THE GOOD

House Bill 1877: Ban disposable shopping bags

The days of free plastic shopping bags—the sort that fill waterways and landfills with zillions of toxic particles—are numbered. Bellingham, Mukilteo, Edmonds, and Seattle all banned plastic shopping bags this year, to the chagrin of the plastic bag industry. Now a bill from freshman representative Joe Fitzgibbon, who represents West Seattle, would ban all disposable shopping bags (paper and plastic) from retail stores across the state. There would be exceptions for recycled bags. Sorry, plastic lobby, filling the ocean and landfills with the state's estimated two million plastic bags per year is not an American right.

HB 1217: Slow the fuck down on neighborhood streets

Turns out the state makes it very expensive to lower a speed limit—who knew?—and this bill, technically, just makes it a lot cheaper to do so. But HB 1217's broader impact could be huge for cyclists and pedestrians, says Craig Benjamin, director of policy and government affairs for the Cascade Bicycle Club, because "lots of cities would love to lower their speed limits on nonarterial streets, but right now they have to do a costly state-approved engineering and traffic study first." By eliminating that study requirement, this bill would help spur cash-strapped cities (like Seattle) to build more bicycle-friendly greenways. Which is great for everyone because, as Benjamin points out, a person who gets hit by a car going 20 miles per hour has a 5 percent chance of dying, while at 30 miles per hour, that chance of dying spikes to 45 percent. This bill died in the senate last year. This year, with more senate support and even AAA behind the measure, backers—including Cindy Ryu (D-32) and Jamie Pedersen (D-43)—smell victory.

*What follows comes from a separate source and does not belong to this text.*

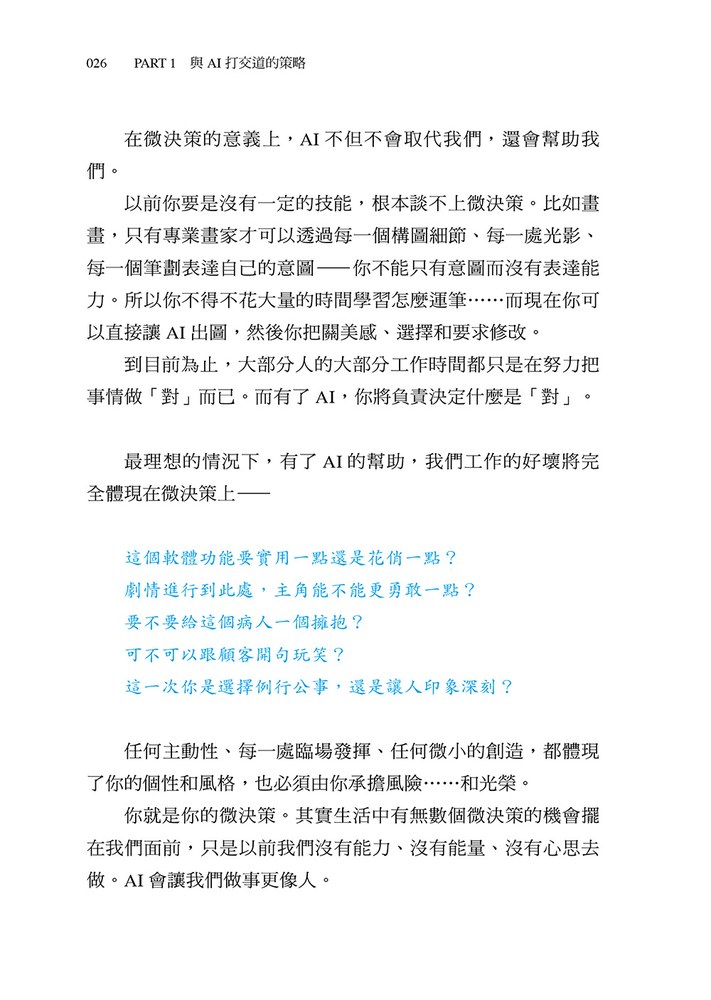 你的每一個決策,不管多麼微小,都是對世界的改變。AI總可以建議。但只要你在意,就必須干預。你必須確保每一個微決策都是你的決策。我們工作的價值就體現在每天無數個微決策之中。
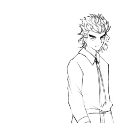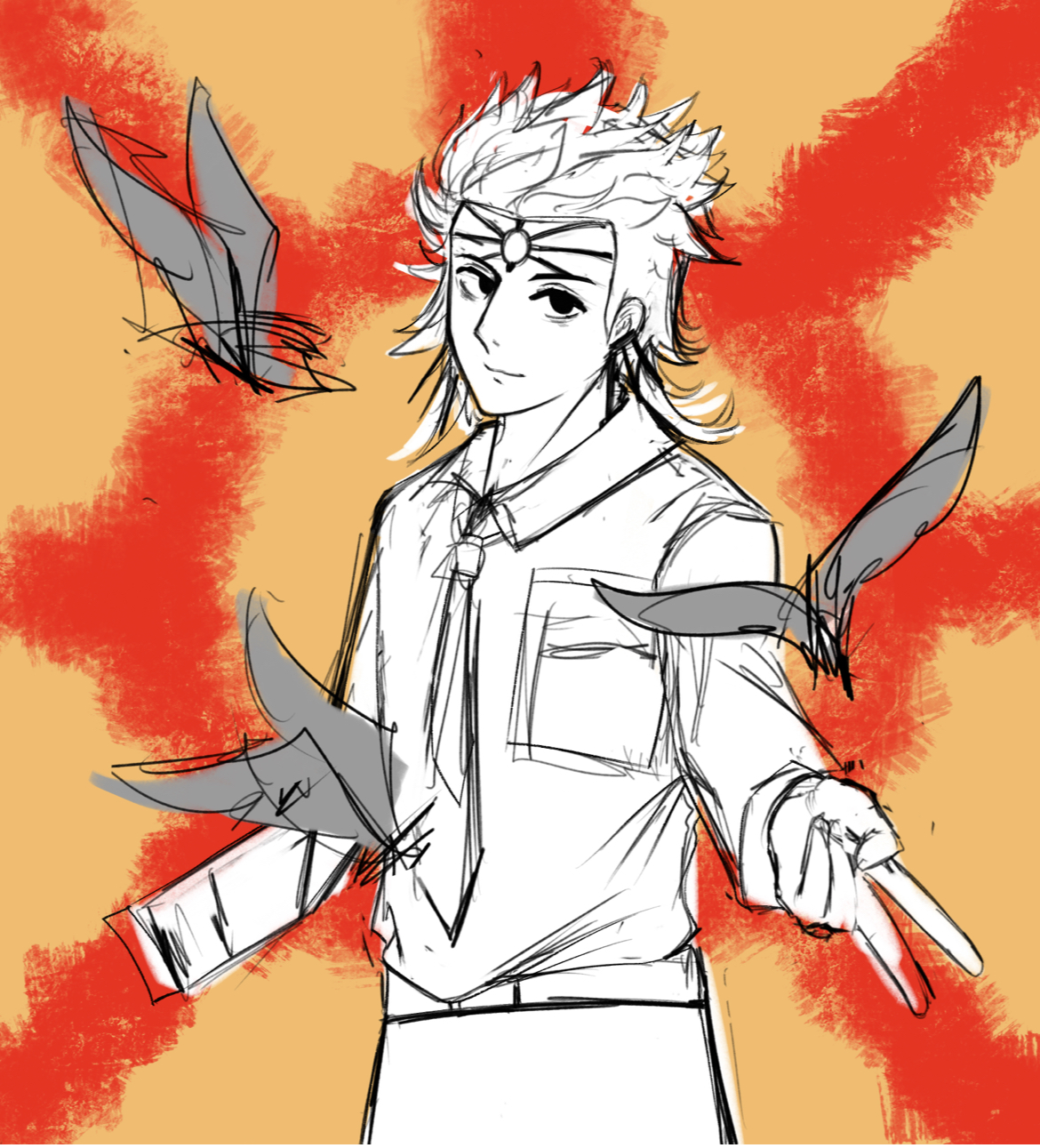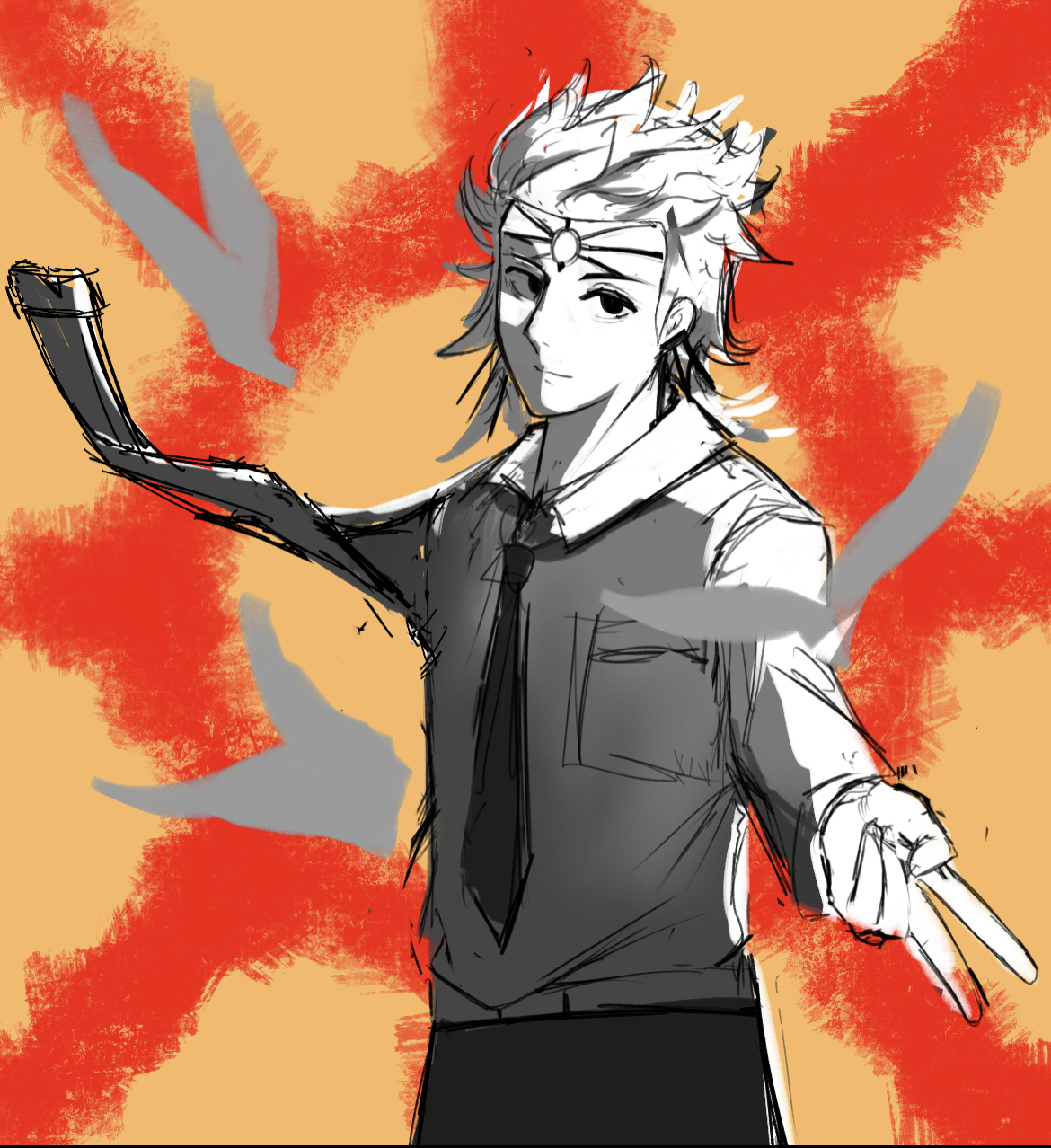 因为想画凤凰人所以紧急小学了一下电锯人画风( ゚∀。)σ结果是这样,有点瘦感觉,左边的空当然是留给阿心的。

Senate Bill 6239: Legalize gay marriage

Duh.

HB 2330: Affordable abortions for all

This smart, lady-friendly bill sponsored by Representative Eileen Cody of West Seattle would require all health-insurance policies sold in Washington State that offer maternity coverage to also cover abortions. In the last year, 13 states have restricted women's access to insurance-covered abortions. Washington would be the only state to buck that national trend.

SB 6265: Protecting pot patients

Last spring, Governor Chris Gregoire had the chance to protect medical marijuana patients from arrest and allow dispensaries by signing a law passed by the legislature. Instead, she vetoed most of it. Even worse, Gregoire claimed she did it to avoid federal prosecutions of state employees—an excuse that legal experts widely called bogus. So now Senator Jeanne Kohl-Welles, who represents Northwest Seattle, is back at it again with a new, slightly tweaked bill that takes state employees out of the licensing business for medical marijuana cooperatives (to address Gregoire's debunked concerns). Mellow enough for you now, Chris?

HB 2563: Tax the rich!

Tacoma representative Laurie Jinkins's proposal to tax capital gains (mostly profit from selling stocks, bonds, and real estate) is a no-brainer. This 5 percent tax on capital gains over $10,000 would raise $500 million a year for the state while impacting only the wealthiest 3 percent of Washington households. That would help our state's perpetual budget shortfalls and help level the playing field between the rich and poor, in which the wealthiest 1 percent currently pay a lower tax rate than the bottom 20 percent. Important footnote: It wouldn't tax retirement savings or inheritances, or profits from the sale of a primary residence or farmland. But, you know, it's a tax. So good luck with that.

THE BAD

HB 2200: Psychological warfare on pregnant women

This condescending pro-life bill, championed by Representative John Ahern (R-Spokane), would force physicians to describe "the anatomical and physiological characteristics of [an] unborn child" to all women seeking abortions because, as the bill helpfully explains, most women don't really understand what abortions are. (We routinely overhear women ordering double-stack abortions at Burger King. Words are so confusing!)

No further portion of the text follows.